To do: Reproduce the listing in full, exactly as written, but without images.

Recorded data:
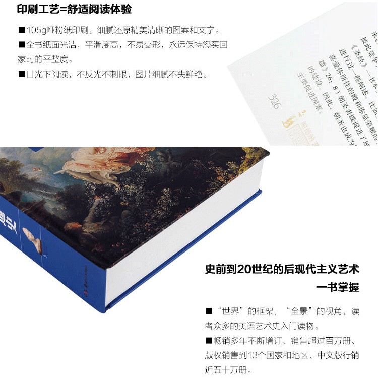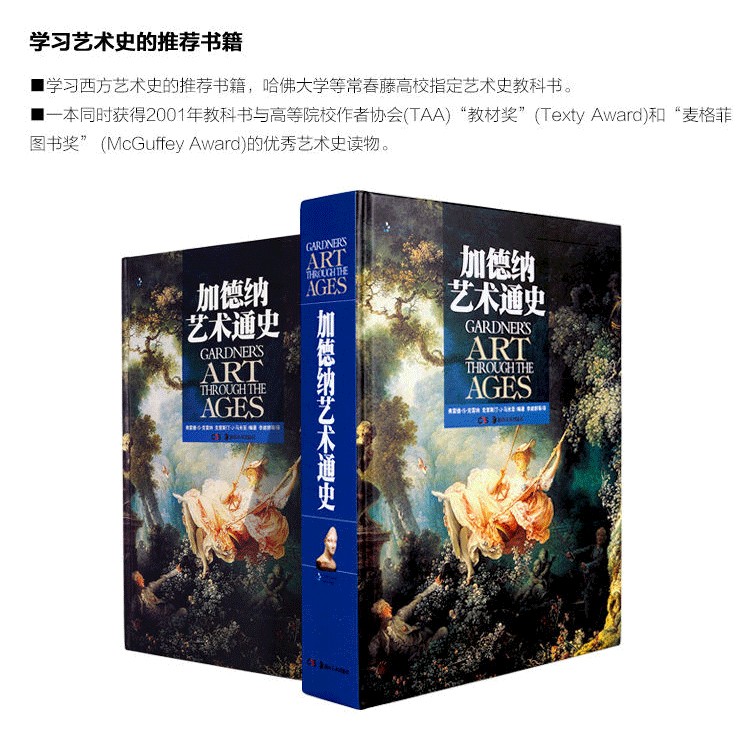 《加德納藝術通史》因廣受好評而不斷再版,成為讀者眾多,流傳較廣的英文藝術史書籍。同時還被美國許多選為藝術史專業的教材,又是一本頗具專業的藝術通史類教科書。該書遵循加德納的基本框架,以“全景化”的視角來闡釋藝術發展的主旨,內容從史前到20世紀的後現代主義藝術,涉及繪畫、雕塑、建築、設計、攝影及工藝美術等多個藝術門類,體現出權重平衡的整體觀和客觀性。在全面的基礎上,加德納藝術通史還注重圖像完整的歷史與文化背景,以及它在過去和現在的不同學術地位,為相關專業的學生、老師以及有這方面興趣的人士提供了更多的幫助。相較之前的各種版本,《加德納藝術通史》新增了豐富的圖像與文字資料,並且圖像和翻譯的質量也有大幅提高。 ...
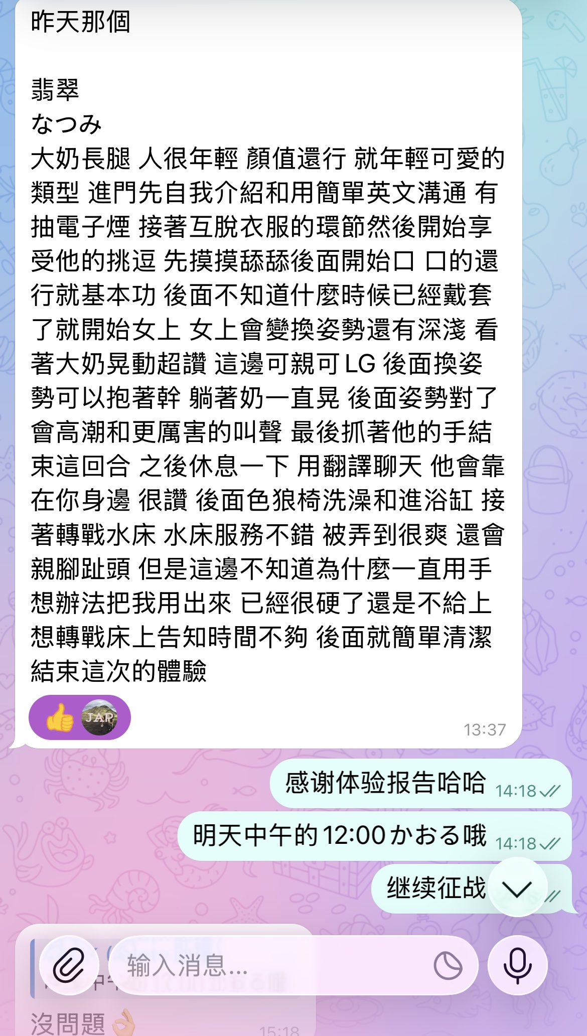 Natsumi就看上去跟AV里面差不多,说话声音可爱,有一起进浴缸,水床技术也不错。本番反应也有给到。英文不行,有很主动用手机翻译聊天。
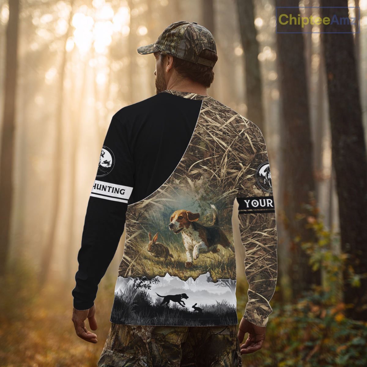 Personalized Rabbit Hunting with Beagle Dog 3D All Over Printed Shirts, Rabbit Hunting Clothes for Men NBT135

Reply to the exercise:
 《加德納藝術通史》因廣受好評而不斷再版,成為讀者眾多,流傳較廣的英文藝術史書籍。同時還被美國許多選為藝術史專業的教材,又是一本頗具專業的藝術通史類教科書。該書遵循加德納的基本框架,以“全景化”的視角來闡釋藝術發展的主旨,內容從史前到20世紀的後現代主義藝術,涉及繪畫、雕塑、建築、設計、攝影及工藝美術等多個藝術門類,體現出權重平衡的整體觀和客觀性。在全面的基礎上,加德納藝術通史還注重圖像完整的歷史與文化背景,以及它在過去和現在的不同學術地位,為相關專業的學生、老師以及有這方面興趣的人士提供了更多的幫助。相較之前的各種版本,《加德納藝術通史》新增了豐富的圖像與文字資料,並且圖像和翻譯的質量也有大幅提高。 ...
 Natsumi就看上去跟AV里面差不多,说话声音可爱,有一起进浴缸,水床技术也不错。本番反应也有给到。英文不行,有很主动用手机翻译聊天。
 Personalized Rabbit Hunting with Beagle Dog 3D All Over Printed Shirts, Rabbit Hunting Clothes for Men NBT135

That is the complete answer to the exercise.